Action item »
Only one span is wanted from the lines below: from the one with "Abaco Resin Wicker" up to and including the one with "Constantius II. A.D.". Copy it exactly, without images.

Source data »

────────

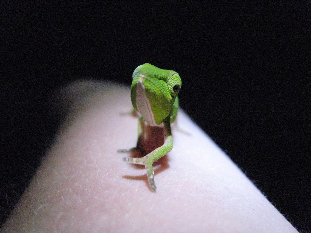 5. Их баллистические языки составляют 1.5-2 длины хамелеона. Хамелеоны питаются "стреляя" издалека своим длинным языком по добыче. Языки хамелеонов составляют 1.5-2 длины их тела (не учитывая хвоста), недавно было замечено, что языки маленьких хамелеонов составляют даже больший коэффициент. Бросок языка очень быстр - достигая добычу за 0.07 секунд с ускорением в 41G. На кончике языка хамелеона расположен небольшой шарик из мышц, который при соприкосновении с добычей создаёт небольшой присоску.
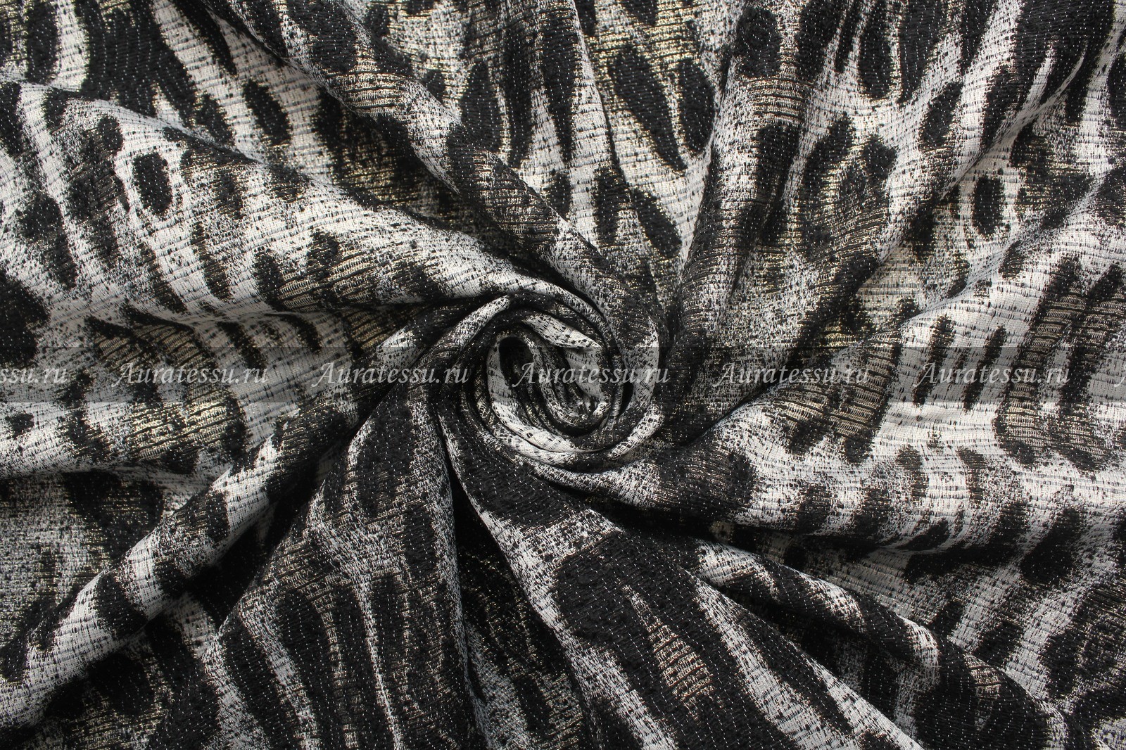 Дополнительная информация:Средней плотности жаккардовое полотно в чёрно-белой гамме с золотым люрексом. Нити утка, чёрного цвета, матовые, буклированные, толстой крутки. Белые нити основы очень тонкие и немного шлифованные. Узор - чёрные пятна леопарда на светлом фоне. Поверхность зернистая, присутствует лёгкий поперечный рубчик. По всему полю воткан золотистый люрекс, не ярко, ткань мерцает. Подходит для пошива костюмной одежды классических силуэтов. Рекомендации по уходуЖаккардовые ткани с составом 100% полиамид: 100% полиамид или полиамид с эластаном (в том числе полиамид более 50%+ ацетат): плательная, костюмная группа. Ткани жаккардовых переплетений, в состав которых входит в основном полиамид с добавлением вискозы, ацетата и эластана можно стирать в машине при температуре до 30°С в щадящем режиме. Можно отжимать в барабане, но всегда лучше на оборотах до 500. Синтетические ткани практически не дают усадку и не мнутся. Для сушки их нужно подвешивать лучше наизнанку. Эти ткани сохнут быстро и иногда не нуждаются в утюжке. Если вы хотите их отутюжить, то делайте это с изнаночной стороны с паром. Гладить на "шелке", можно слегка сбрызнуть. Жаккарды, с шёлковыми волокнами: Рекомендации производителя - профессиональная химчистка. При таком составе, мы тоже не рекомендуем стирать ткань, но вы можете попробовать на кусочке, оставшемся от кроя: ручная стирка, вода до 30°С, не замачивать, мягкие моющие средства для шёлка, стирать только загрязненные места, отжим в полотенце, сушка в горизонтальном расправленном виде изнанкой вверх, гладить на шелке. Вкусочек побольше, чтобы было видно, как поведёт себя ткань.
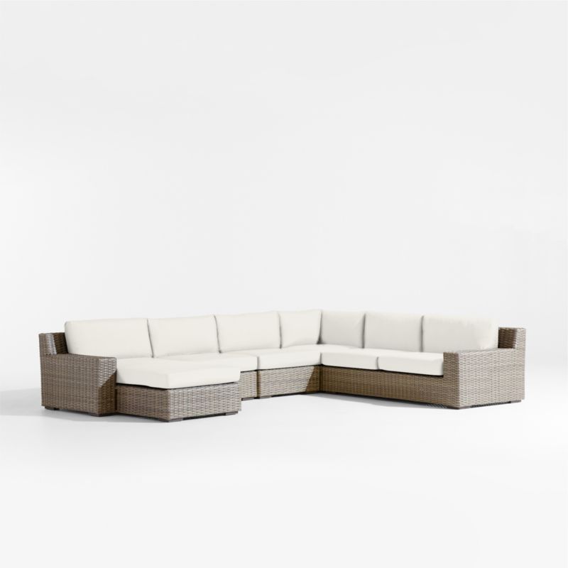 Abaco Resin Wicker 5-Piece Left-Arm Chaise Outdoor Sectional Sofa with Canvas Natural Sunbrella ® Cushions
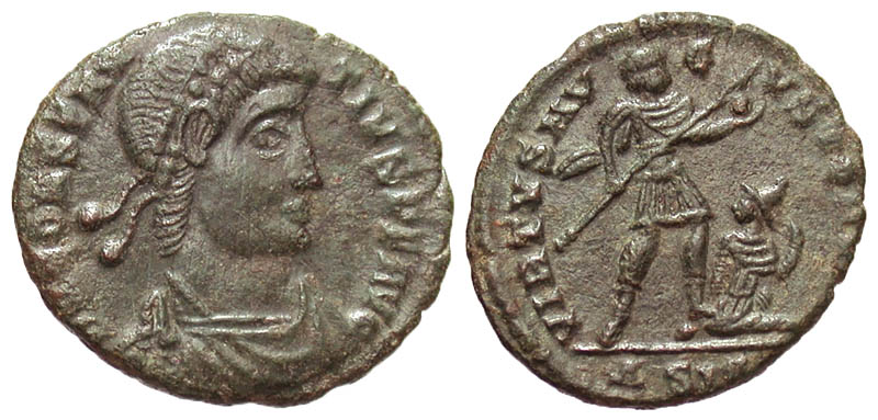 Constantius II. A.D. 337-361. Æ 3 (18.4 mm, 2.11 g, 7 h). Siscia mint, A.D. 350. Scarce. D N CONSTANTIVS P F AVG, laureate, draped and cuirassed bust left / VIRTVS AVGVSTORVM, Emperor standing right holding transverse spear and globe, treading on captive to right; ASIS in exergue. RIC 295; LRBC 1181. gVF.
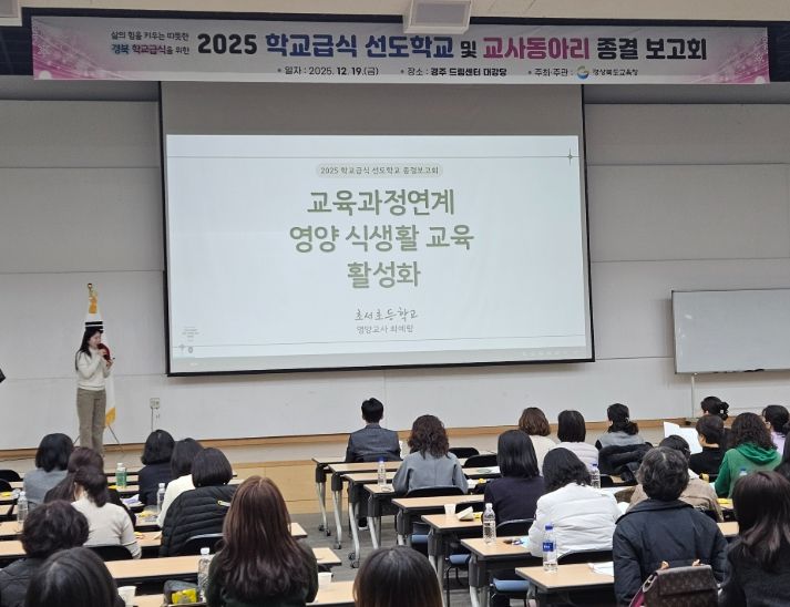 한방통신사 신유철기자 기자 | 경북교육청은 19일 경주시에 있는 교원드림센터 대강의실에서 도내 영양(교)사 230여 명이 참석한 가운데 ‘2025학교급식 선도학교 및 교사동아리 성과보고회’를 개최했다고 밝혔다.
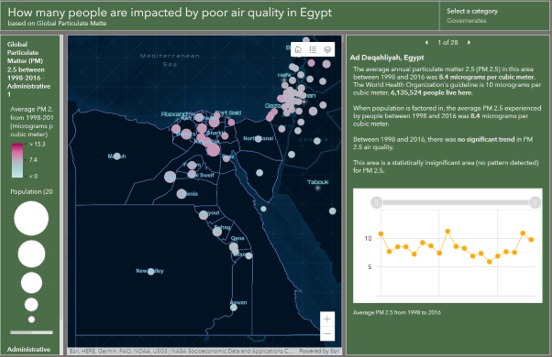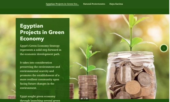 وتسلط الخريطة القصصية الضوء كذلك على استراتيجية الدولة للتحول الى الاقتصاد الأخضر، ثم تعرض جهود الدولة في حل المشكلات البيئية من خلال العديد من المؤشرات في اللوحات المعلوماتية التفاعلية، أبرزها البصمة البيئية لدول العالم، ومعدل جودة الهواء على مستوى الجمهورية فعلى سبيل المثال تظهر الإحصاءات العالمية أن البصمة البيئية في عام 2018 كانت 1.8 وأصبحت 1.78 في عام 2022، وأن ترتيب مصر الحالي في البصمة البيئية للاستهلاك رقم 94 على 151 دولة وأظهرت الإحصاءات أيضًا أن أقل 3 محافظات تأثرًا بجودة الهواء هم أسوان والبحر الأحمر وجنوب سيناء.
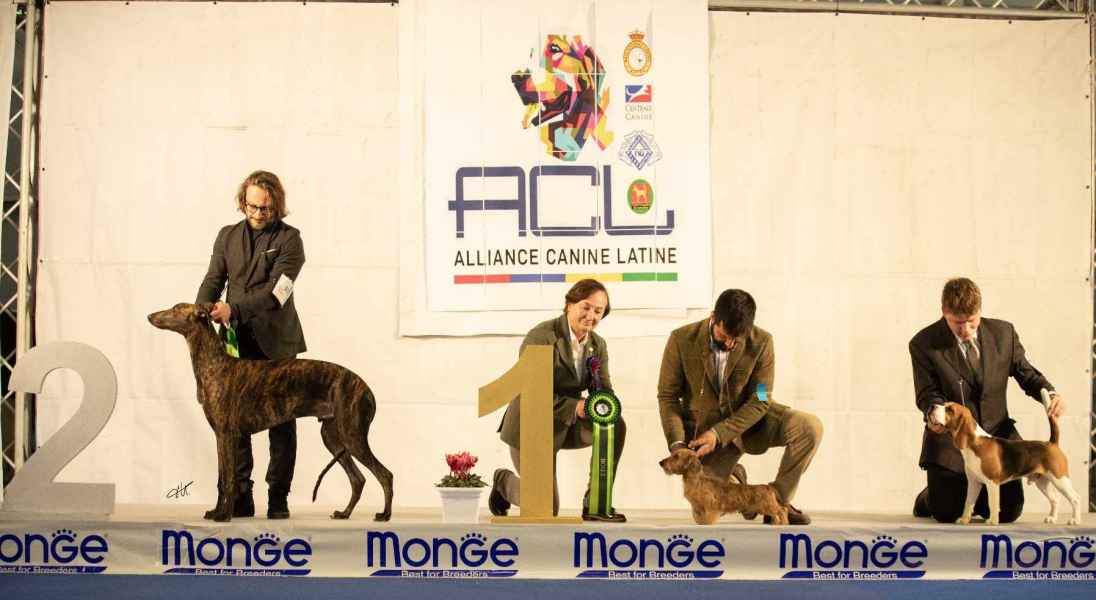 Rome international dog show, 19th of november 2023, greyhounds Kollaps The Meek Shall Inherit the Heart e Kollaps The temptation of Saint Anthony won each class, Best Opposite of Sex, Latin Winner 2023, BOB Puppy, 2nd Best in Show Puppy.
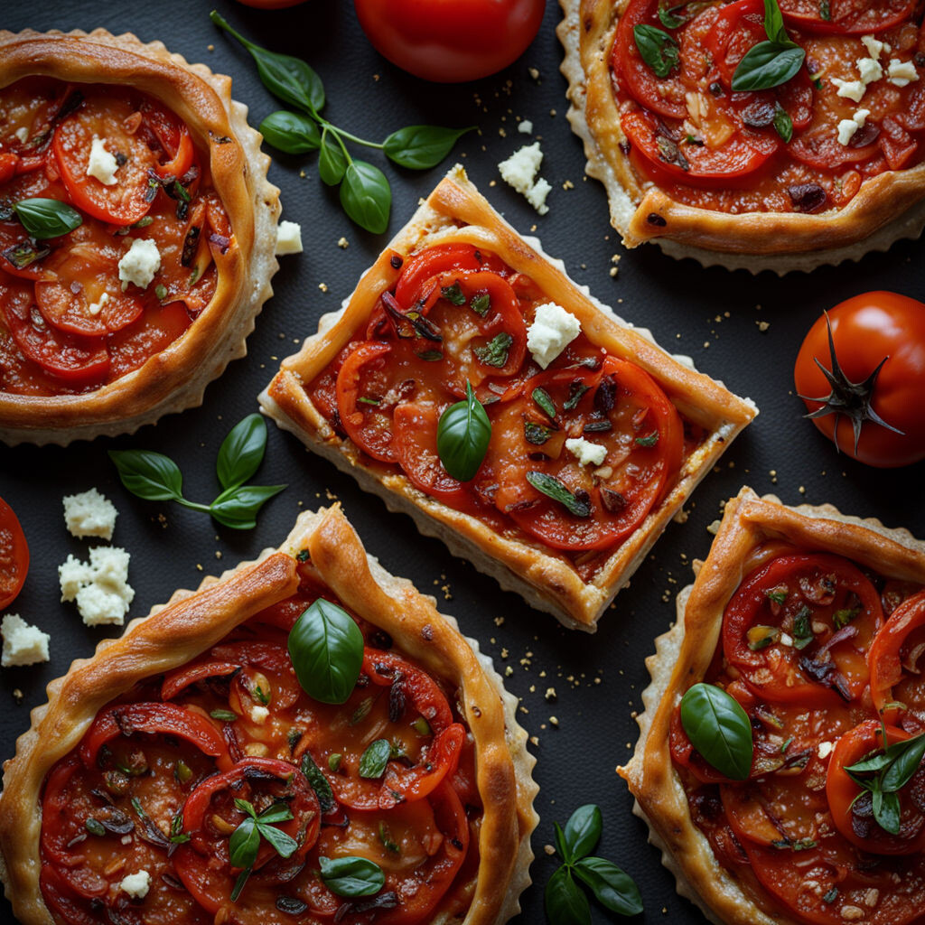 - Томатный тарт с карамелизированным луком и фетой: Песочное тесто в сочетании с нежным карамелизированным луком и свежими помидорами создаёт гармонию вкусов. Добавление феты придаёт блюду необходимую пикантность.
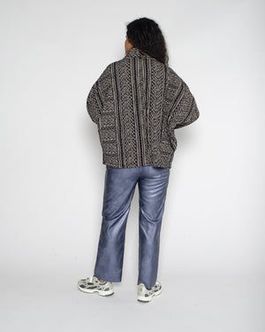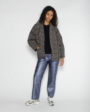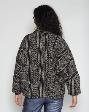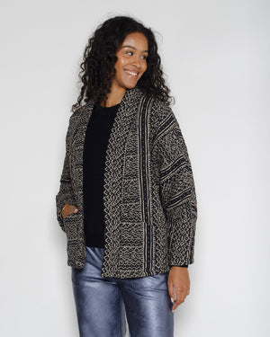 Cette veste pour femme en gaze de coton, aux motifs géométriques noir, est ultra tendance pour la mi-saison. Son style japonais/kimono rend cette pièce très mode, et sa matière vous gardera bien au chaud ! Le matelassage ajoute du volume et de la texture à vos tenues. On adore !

────────

Response to this task »
 Abaco Resin Wicker 5-Piece Left-Arm Chaise Outdoor Sectional Sofa with Canvas Natural Sunbrella ® Cushions
 Constantius II. A.D. 337-361. Æ 3 (18.4 mm, 2.11 g, 7 h). Siscia mint, A.D. 350. Scarce. D N CONSTANTIVS P F AVG, laureate, draped and cuirassed bust left / VIRTVS AVGVSTORVM, Emperor standing right holding transverse spear and globe, treading on captive to right; ASIS in exergue. RIC 295; LRBC 1181. gVF.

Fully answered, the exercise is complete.